Update: we’ve confirmed this can be reproduced with the SSD model mentioned in the Release notes here: https://docs.nvidia.com/deeplearning/tensorrt/release-notes/tensorrt-5.html#rel_5-0-2 – after editing it as described.
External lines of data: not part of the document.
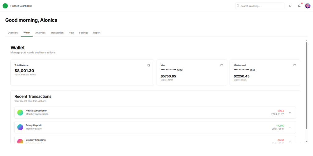 Managing your money shouldn't be complicated. Whether you're handling personal finances, running a business, or balancing multiple accounts, this Finance Dashboard gives you the clarity, control, and confidence to make informed financial decisions—all from one streamlined interface.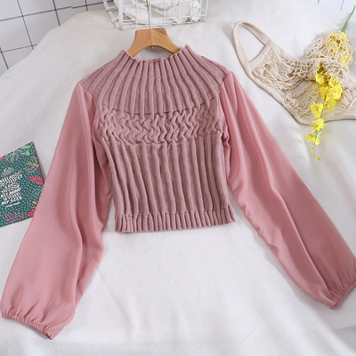 シフォンステッチセーター トップス セーター ショート ショート丈 袖あり 長袖 ボリューム袖 ハイネック シフォン 編み込み 透け感 シースルー ニット きれいめ シンプル 大人 上品 おしゃれ お洒落 ラブリー キュート ガーリー 無地 秋 10代 20代 30代 デート お出かけ 女子会 休日 着回し 普段使い フリーサイズ 白 ホワイト 黒 ブラック ピンク アプリコット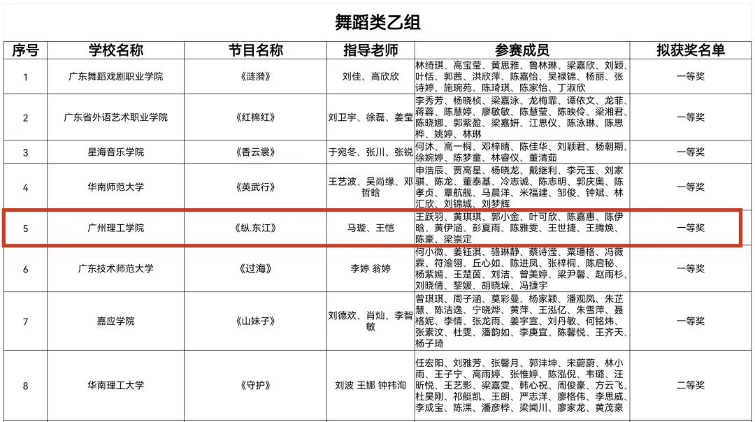近日,广东省教育厅公示《全省大学生优秀艺术团队交流展示活动》获奖情况。威廉希尔williamhill中文马璇、王恺老师共同编创指导的作品《纵·东江》荣获一等奖;作品《回家》《落水天》(指导老师:陈奕彤、钢琴伴奏老师:刘俊)和作品《丝路驼铃》(指导老师:喻娇)获二等奖。

Same exact bogus output with the same characteristics. The model works with 6.0.1.5.

Environment

TensorRT Version: 7.1.3
GPU Type: Xavier
Nvidia Driver Version: # R32 (release), REVISION: 4.3, GCID: 21589087, BOARD: t186ref, EABI: aarch64, DATE: Fri Jun 26 04:34:27 UTC 2020
CUDA Version: 10.2
CUDNN Version: 8.0
Baremetal or Container (if container which image + tag): Baremetal

Relevant Files

Please attach or include links to any models, data, files, or scripts necessary to reproduce your issue. (Github repo, Google Drive, Dropbox, etc.)

Steps To Reproduce

Please include:

  • Exact steps/commands to build your repro
  • Exact steps/commands to run your repro
  • Full traceback of errors encountered

Hi @alexm5m91,

This looks like a Jetson issue. We recommend you to raise it to the respective platform from the below link

Thanks!

I’ve crossposted there (Issue with TensorRT 7.1.3 on Jetson AGX - #2 by alexm5m91), but it doesn’t seem to get any love.

Meanwhile, I’m quite stuck with this: given the nature of Jetpack I can’t try if later version (say, 7.2) fixes it. I was up and down our code (and, in fact, isolated it to a standalone program), and all seems to be correct – except 100% not working on Jetson. What options do we have?